New York State Court of Claims

MEDINA v. THE STATE OF NEW YORK, #2007-029-036, Claim No. 102349


Synopsis


Court finds damages of $325,000 for severe laceration of hand.

Case Information

UID:
2007-029-036
Claimant(s):
JOSE MEDINA
Claimant short name:
MEDINA
Footnote (claimant name) :

Defendant(s):
THE STATE OF NEW YORK
Footnote (defendant name) :

Third-party claimant(s):

Third-party defendant(s):

Claim number(s):
102349
Motion number(s):

Cross-motion number(s):

Judge:
STEPHEN J. MIGNANO
Claimant’s attorney:
ADAM M. THOMPSON, ESQ.
Defendant’s attorney:
ANDREW M. CUOMO, ATTORNEY GENERALBy: Dewey Lee, Assistant Attorney General
Third-party defendant’s attorney:

Signature date:
September 19, 2007
City:
White Plains
Comments:

Official citation:

Appellate results:

See also (multicaptioned case)



Decision

In the decision rendered after the liability portion of the trial of this personal injury claim,[1] the negligence of both defendant and claimant was found to be the proximate cause of injuries sustained by claimant while closing a window at Green Haven Correctional Facility on February 11, 1999. In accordance with that decision, an interlocutory judgment was entered on March 4, 2005 apportioning liability at 60% to defendant and 40% to claimant. This decision follows the damages portion of the trial.

Claimant testified that his right hand went through the glass of the window he was opening and the hand was “split open”[2] along its palm from the wrist to the area between his second and third digits. He was taken to the facility’s infirmary where the hand was wrapped and from there was taken to St. Francis Hospital where he was seen by a doctor who performed surgery a few hours later. He was returned to the correctional facility the same day.
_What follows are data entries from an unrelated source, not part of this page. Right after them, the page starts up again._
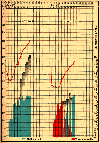 Fig. 40. Puny weakling first fed with the milk of a wet-nurse (blue columns), the mother in the meantime suckling a stronger infant in order to bring about the establishment of her mammary secretion (red column). The mother became capable of nursing her child unaided. |
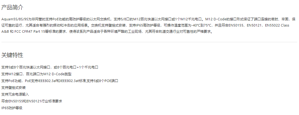 EN50155以太網交換機Aquam5S/8S/9S 5/8/9端口非網管型PoE IP65以太網交換機
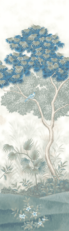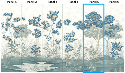 Our Grove design was inspired by Roman frescoes found intact in ancient villas and give the impression of a lush tropical garden. Our scene was designed to be able to trim from the top and/or the bottom and still envelop you in a peaceful surround. Each panel measures 3'w x 10'h, and the full repeat is 6 panels wide, with panel 6 connecting to panel 1. Panels can be ordered individually in any quantity, and the minimum order is 1 panel.

Claimant advised that he was prescribed pain medication, told not to use the hand for eight days, instructed on physical therapy and given a “plastic hand” to wear over the wound for protection. He spent eight days in the Green Haven infirmary, during which time he was given pain medication which helped “a little,” and was then returned to general population. He received physical therapy at Green Haven and also periodically returned to St. Francis Hospital for therapy. Therapy continued, on a biweekly basis, until sometime in 2000 or 2001 but claimant alleged it was ineffectual.

According to claimant, he is unable to engage in several pre-accident activities he enjoyed. He stated he has no feeling in his fingers and is unable to properly grip a pen or paintbrush and can no longer paint a straight line, which prevents him from doing artwork. He claimed to have been a champion weightlifter within the correction system but is no longer able to perform at his pre-accident level due to inability to properly grip the weights. He also has difficulty washing his clothes and gripping a broom or mop. Prior to the accident, he was assigned as a cook at the correctional facility, which he stated provided him with the top level of pay available to inmates, but following the accident he was assigned as a porter, earning half the amount of money. Five years after the accident, he still suffers from limited use, and pain, in his right hand.

Prior to the subject incident, claimant injured his right hand in a stabbing incident, but he alleged that he had a full recovery from that injury and it did not affect his subsequent activities. He testified that he was previously incarcerated for an armed robbery conviction from 1971 through 1974, was out of custody for one year, and since 1975 has been serving a sentence of 50 years to life for a double-murder conviction.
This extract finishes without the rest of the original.